LeRobot X-VLA Soft-Fold

View on Hugging Face

Source dataset card and downloadable files for lance-format/lerobot-xvla-soft-fold.

A Lance-formatted version of lerobot/xvla-soft-fold — a multi-camera robotics dataset from the X-VLA project — packaged as three Lance tables for efficient frame-level training, episode-level trajectory loading, and direct access to the original encoded videos. Available directly from the Hub at hf://datasets/lance-format/lerobot-xvla-soft-fold/data.

1,542 episodes
2,852,512 frames at 20 FPS
3 camera streams per episode — cam_high, cam_left_wrist, cam_right_wrist
Robot state and action vectors aligned to frame timestamps

Key features

Three-table layout — frames, episodes, videos — so frame-level training, episode-level trajectory work, and raw video access live side-by-side without scattered parquet shards or sidecar MP4 directories.
Per-camera inline MP4 segments in episodes.lance, with from_timestamp / to_timestamp bounds per camera and per episode, surfaced as lazy BlobFile handles via take_blobs so metadata scans never read the bytes.
Frame-level observations and actions in frames.lance with stable episode_index, frame_index, and index columns for joining or temporal iteration.
Source MP4 provenance in videos.lance (relative_path, filename, file_size_bytes, sha256) alongside the raw bytes, for integrity checks or custom decode pipelines.

Tables

Table	Rows	Purpose
`frames.lance`	2,852,512	Per-frame observations, actions, episode/task indices
`episodes.lance`	1,542	Full per-episode trajectories plus per-camera MP4 segment blobs and timestamp bounds
`videos.lance`	104	Raw source MP4 files (one row per source MP4) with file-level provenance

Use frames.lance for low-level training (loss-per-timestep, state-conditioned policies).

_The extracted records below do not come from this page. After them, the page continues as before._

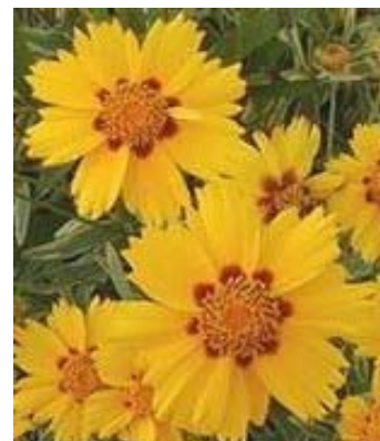
Coreopsis 'Tequila Sunrise'

Oregon Grape, tall & low varieties Salal Kinnickinnick Evergreen & Red Huckleberry Black Twinberry Indian Plum (Osoberry) Snowberry Serviceberry Bog Rosemary Spiraea douglasii (Western Spiraea) Salmonberry Pacific rhododendron Vine Maple Sword Fern Lady Fern Yellow Wood Violet False Solomon's Seal Hooker's Fairybells Foamflower Piggyback plant Fringe cup ( Tellima grandiflora ) Vancouveria Pacific Bleeding Heart Wild Ginger Bunchberry
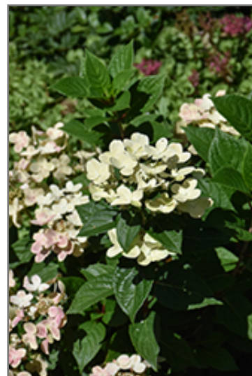
Early Evolution Hydrangea flowers
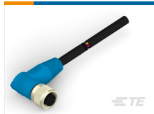
TE Part #T4161410008-002 RPC-M12-FR-8CON-PVC-1.0SH
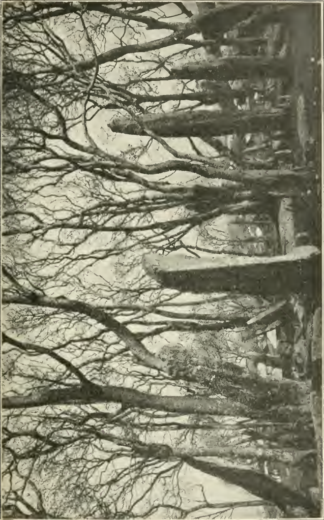
SACRED GROVE AND MONOLITHS.
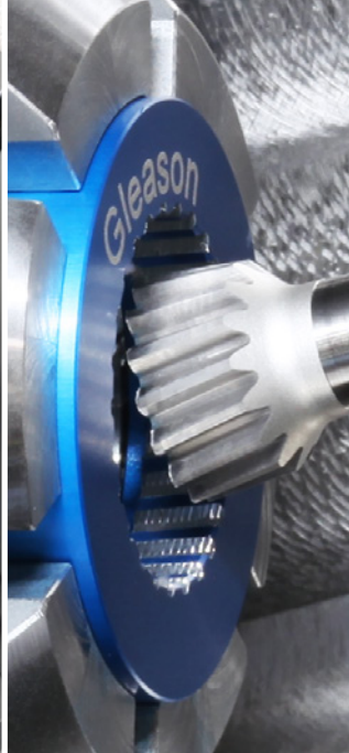
power skiving of robotic parts
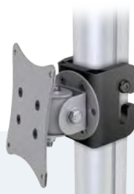
Universal Monitor Mounts
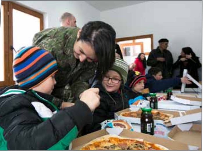
Children from Kamenica receiving their food and gifts.

The primary role of EUFOR's LOT Houses is to maintain good situational awareness throughout Bosnia and Herzegovina. Seven different countries provide the military personnel to man the 17 LOT houses whose members actively interact with the populace to find out the opinions and needs of the population. Charity events like the above, show that the teams are willing to go above and beyond their required duty in order to make a difference in the community.
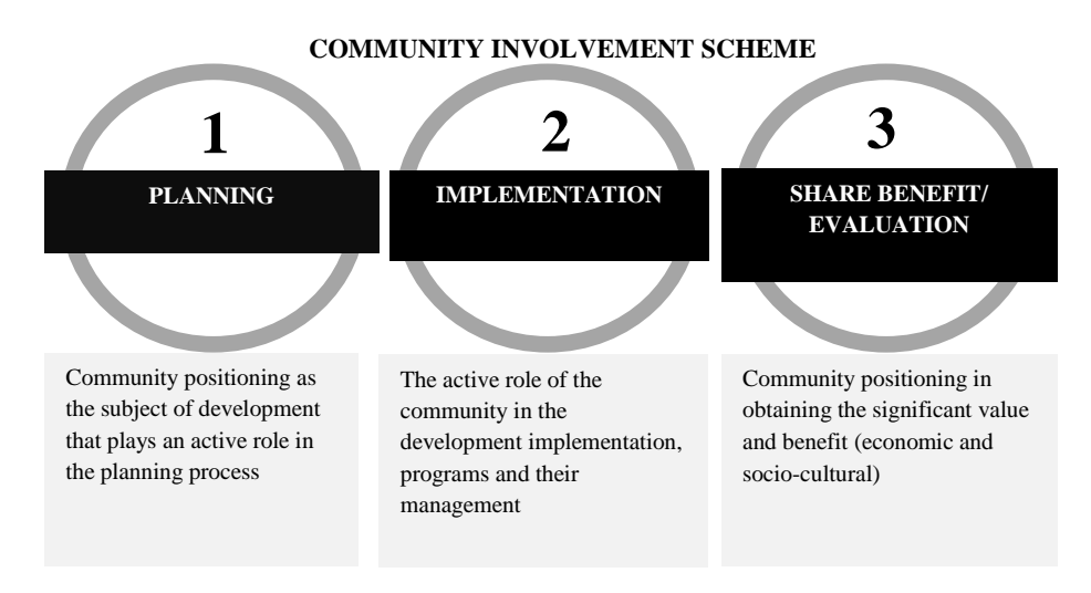
Figure 3: The Area of Community Participation in Ecotourism Development through Empowerment

both individually and collectively. The scheme of community involvement in community empowerment is divided into three important stages:
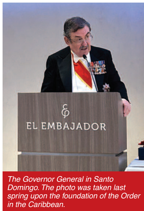
The Governor General in Santo Domingo. The photo was taken last spring upon the foundation of the Order in the Caribbean.

This process has especially benefited medium and small Lieutenancies, or those geographically more
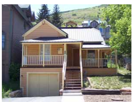
157 PARK AVENUE Landmark Site Designated Feb. 4, 2009
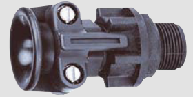
Trumpet shaped cable gland
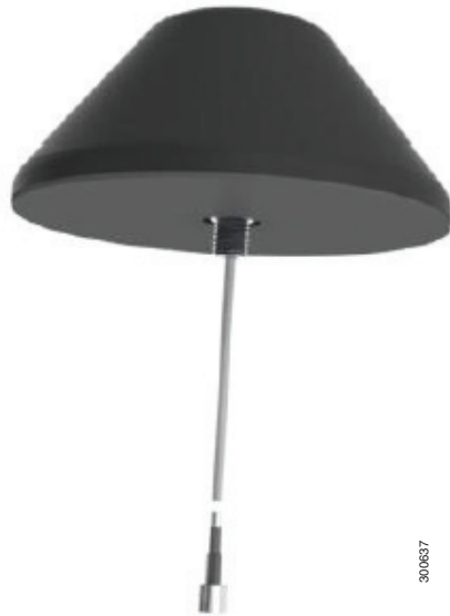
Figure 10-1 Low-Profile Saucer Antenna
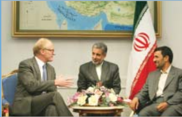
President Mahmoud Ahmadinejad (r) talks with the Special Representative of the UN Secretary-General for Afghanistan Kai Eide in Tehran on Monday.

President Mahmoud Ahmadinejad said Iran calls for full restoration of democracy to Afghanistan and for a timetable for the withdrawal of foreign forces from the country.

Use episodes.lance when you need the full trajectory and the matching per-camera video segments together. Use videos.lance when you want direct access to the original encoded video files.

Schemas

`frames.lance`

Column	Type	Notes
`observation_state`	`list<float32>`	Robot state vector for that frame
`action`	`list<float32>`	Action vector for that frame
`time_stamp`	`float`	Original source timestamp field
`timestamp`	`float`	Canonical frame timestamp (seconds)
`frame_index`	`int64`	Frame index within episode
`episode_index`	`int64`	Parent episode id
`index`	`int64`	Global frame index
`task_index`	`int64`	Task id

`episodes.lance`

Column	Type	Notes
`episode_index`	`int64`	Episode id
`task_index`	`int64`	Task id
`fps`	`int32`	Frame rate of the episode video segments
`timestamps`	`list<float32>`	Per-frame timestamps
`actions`	`list<list<float32>>`	Per-frame action vectors
`observation_state`	`list<list<float32>>`	Per-frame robot state vectors
`observation_images_cam_high_video_blob`	`large_binary` (blob-encoded)	Inline MP4 segment for `cam_high`
`observation_images_cam_high_from_timestamp`	`float64`	`cam_high` segment start time
`observation_images_cam_high_to_timestamp`	`float64`	`cam_high` segment end time
`observation_images_cam_left_wrist_video_blob`	`large_binary` (blob-encoded)	Inline MP4 segment for `cam_left_wrist`
`observation_images_cam_left_wrist_from_timestamp`	`float64`	`cam_left_wrist` segment start time
`observation_images_cam_left_wrist_to_timestamp`	`float64`	`cam_left_wrist` segment end time
`observation_images_cam_right_wrist_video_blob`	`large_binary` (blob-encoded)	Inline MP4 segment for `cam_right_wrist`
`observation_images_cam_right_wrist_from_timestamp`	`float64`	`cam_right_wrist` segment start time
`observation_images_cam_right_wrist_to_timestamp`	`float64`	`cam_right_wrist` segment end time

`videos.lance`

Column	Type	Notes
`camera_angle`	`string`	Camera key (e.g. `cam_high`)
`chunk_index`, `file_index`	`int32`	IDs parsed from the source path
`relative_path`, `filename`	`string`	Provenance
`file_size_bytes`	`int64`	Source MP4 size
`sha256`	`string`	SHA256 of the MP4 bytes
`video_blob`	`large_binary` (blob-encoded)	Raw source MP4 bytes

Pre-built indices

None bundled. Build indices on a local copy if a workload calls for them — e.g., a BTREE on frames.episode_index for fast per-episode lookup, or a vector index after attaching observation embeddings via Evolve.

Why Lance?

Blazing Fast Random Access: Optimized for fetching scattered rows, making it ideal for random sampling, real-time ML serving, and interactive applications without performance degradation.
Native Multimodal Support: Store text, embeddings, and other data types together in a single file. Large binary objects are loaded lazily, and vectors are optimized for fast similarity search.
Native Index Support: Lance comes with fast, on-disk, scalable vector and FTS indexes that sit right alongside the dataset on the Hub, so you can share not only your data but also your embeddings and indexes without your users needing to recompute them.
Efficient Data Evolution: Add new columns and backfill data without rewriting the entire dataset. This is perfect for evolving ML features, adding new embeddings, or introducing moderation tags over time.
Versatile Querying: Supports combining vector similarity search, full-text search, and SQL-style filtering in a single query, accelerated by on-disk indexes.
Data Versioning: Every mutation commits a new version; previous versions remain intact on disk. Tags pin a snapshot by name, so retrieval systems and training runs can reproduce against an exact slice of history.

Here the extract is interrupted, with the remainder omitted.